# The SBHonline Community Daily > Digerati Discussions! >  >  Happiness is a new Nikon from UPS

## JEK

D7000 has arrived! Now to sell a D700 and a D5000 . . . 


http://www.kenrockwell.com/nikon/d7000.htm


 



he D7000 is Nikon's most advanced camera at any price. The fact that it sells for $1,200 make it a no-brainer, which is why it's sold out. The D7000 is Nikon's best DSLR ever.

Among the many things I love about the D7000, in addition to how much better and faster it handles than any other Nikon DSLR (and I also own a professional Nikon D3), is that the pictures I make with the D7000 simply look better than what I've ever gotten with any other digital camera. The effects are subtle, but as a prolific photographer, I see that the colors are simply better, especially under difficult light under which my D3 just doesn't look as good.

Unlike 2009's crappy D3000, Nikon really did their homework these past couple of years on the D7000, and everything about it just works better than older cameras, technically, artistically and ergonomically.

The D7000 has the highest linear resolution of any Nikon DSLR, and more overall resolution than any other Nikon under $7,500. The Nikon D7000 has technical performance better than every other Nikon DSLR priced under $7,500, and handles better than any Nikon DSLR, regardless of price.

The D7000 certainly replaces the old D300s, at a lower price for even higher technical and ergonomic performance.

This reminds me of 2004 when the new, less expensive D70 came out to replace 2002's D100. Nikon quickly realized it could keep selling the older, inferior D100 at a higher price, so it kept the D100 in the catalog.
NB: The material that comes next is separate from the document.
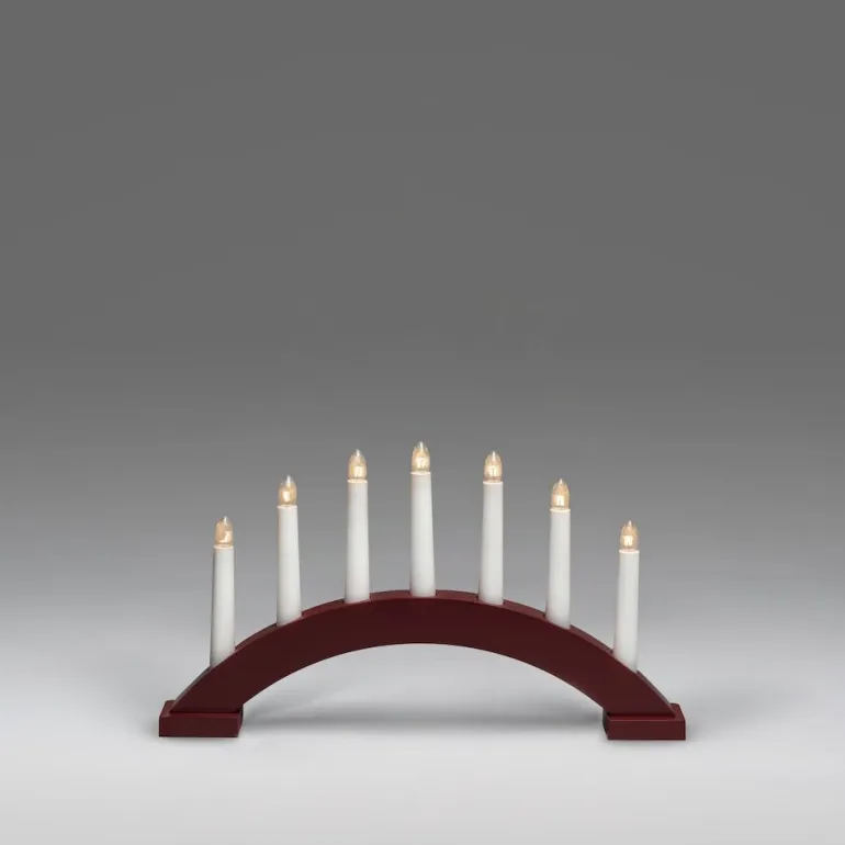Konstsmide 3972-520 on tummanpunainen puinen sähkökynttelikkö, jossa on 7 valopistettä. Sähkökynttelikön valovirta on 8 luumenia, ja se on varustettu valkoisella 170 cm:n pituisella johdolla, jossa on kytkin.

Nikon actually did this in the mid-2000s, hoodwinking the less informed into paying more for the older D100.

Even though the D7000's technical image quality and ergonomics are stellar, and it's viewfinder is as good as Nikon has ever made for DX, it's still much smaller than the finders of FX cameras. Those of us who shoot all day, every day, prefer the huge viewfinders of FX cameras. We also prefer how we can shoot both 35mm and FX cameras with exactly the same set of lenses. For most people, the D7000 is the camera to get, regardless of price, while FX is still the go-to camera for full-time pros. See also Is It Worth It.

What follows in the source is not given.